If you wish, you can model the "strength of connection" between two nodes by specifying the weight of that edge. To do that, you need to add a property on that edge named weight which stores a real value. Naturally, larger weights correspond to stronger connections. If you don't explicitly specify the weight of a certain edge, its weight will internally default to 1. It's also important to note that weights are internally represented as 64-bit floating point numbers.

Finally, we should also state that the runtime of this algorithm (assuming we let it run until convergence) is not known. It merely appears to run in O(nlog(n)).

Weakly Connected Components​

One of the most important features you might be interested in when exploring a certain graph is its connectivity. There are many ways in which we might express to which extent we are interested in the connectivity of a graph, but one of the simplest ones is by counting the number of its weakly connected components and by determining which vertex corresponds to which connected component.

The concept of weakly connected components is natural and simple, two nodes belong to the same component if a path between them exists in a given graph. Otherwise, we say those nodes are disconnected.

This query module should be provided as a shared object (.so) file called connectivity.so. Assuming the standard installation on Debian, that file should be located in /usr/lib/memgraph/query_modules. Again, we can simply run Memgraph with the following command:

systemctl start memgraph

When using Docker, the equivalent would be the following:

docker run -p 7687:7687 \
-v mg_lib:/var/lib/memgraph -v mg_log:/var/log/memgraph -v mg_etc:/etc/memgraph \
memgraph

Suppose that Memgraph is currently storing a graph as depicted in the figure below where numbers in the vertices are stored as properties in the graph.
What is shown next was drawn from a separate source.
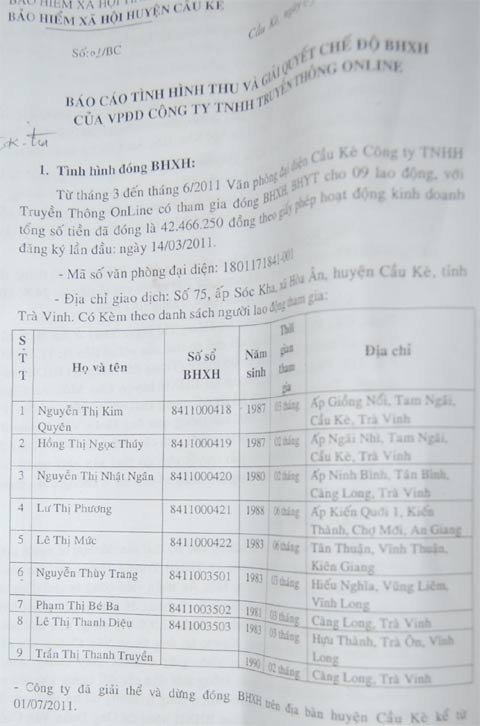 | Danh sách một số phụ nữ có bầu được công ty làm thủ tục thai sản và Giấy đề nghị công an Vĩnh Long điều tra. |

This graph obviously has 4 weakly connected components.

To create the above graph, execute the following query:

CREATE (n1 {number: 1})
CREATE (n2 {number: 2})
CREATE (n3 {number: 3})
CREATE (n4 {number: 4})
CREATE (n5 {number: 5})
CREATE (n6 {number: 6})
CREATE (n7 {number: 7})
CREATE (n8 {number: 8})
CREATE (n9 {number: 9})
CREATE (n10 {number: 10})
CREATE (n11 {number: 11})
CREATE (n12 {number: 12})
CREATE (n13 {number: 13})
CREATE (n14 {number: 14})
CREATE (n15 {number: 15})
CREATE (n1)-[:e]->(n2)
CREATE (n1)-[:e]->(n3)
CREATE (n2)-[:e]->(n3)
CREATE (n5)-[:e]->(n6)
CREATE (n6)-[:e]->(n7)
CREATE (n6)-[:e]->(n8)
CREATE (n7)-[:e]->(n9)
CREATE (n7)-[:e]->(n10)
CREATE (n8)-[:e]->(n11)
CREATE (n12)-[:e]->(n13)
CREATE (n12)-[:e]->(n14)
CREATE (n12)-[:e]->(n15)
CREATE (n13)-[:e]->(n14)
CREATE (n13)-[:e]->(n15)
CREATE (n14)-[:e]->(n15);

Let's run the following query:

CALL connectivity.weak() YIELD component, id;

We should get a result similar to:

+-----------+-----------+
| component | id |
+-----------+-----------+
| 3 | 14 |
| 3 | 13 |
| 3 | 12 |
| 3 | 11 |
| 2 | 10 |
| 2 | 9 |
| 2 | 8 |
| 2 | 7 |
| 2 | 6 |
| 0 | 1 |
| 0 | 0 |
| 0 | 2 |
| 1 | 3 |
| 2 | 4 |
| 2 | 5 |
+-----------+-----------+

The procedure returns mappings from internal node IDs to components. In order to return the nodes instead of the IDs you should execute the following query:

CALL connectivity.weak() YIELD component, id MATCH (n) WHERE ID(n) = id RETURN component, n;

We should observe the following result:

+----------------+----------------+
| component | n |
+----------------+----------------+
| 3 | ({number: 15}) |
| 3 | ({number: 14}) |
| 3 | ({number: 13}) |
| 3 | ({number: 12}) |
| 2 | ({number: 11}) |
| 2 | ({number: 10}) |
| 2 | ({number: 9}) |
| 2 | ({number: 8}) |
| 2 | ({number: 7}) |
| 0 | ({number: 2}) |
| 0 | ({number: 1}) |
| 0 | ({number: 3}) |
| 1 | ({number: 4}) |
| 2 | ({number: 5}) |
| 2 | ({number: 6}) |
+----------------+----------------+

As expected, nodes numbered 1, 2, and 3 are all in one connected component, node numbered 4 is in its own component, nodes numbered 5, 6, 7, 8, 9, 10, and 11 are in another component and, finally, nodes numbered 12, 13, 14 and 15 are in the last component.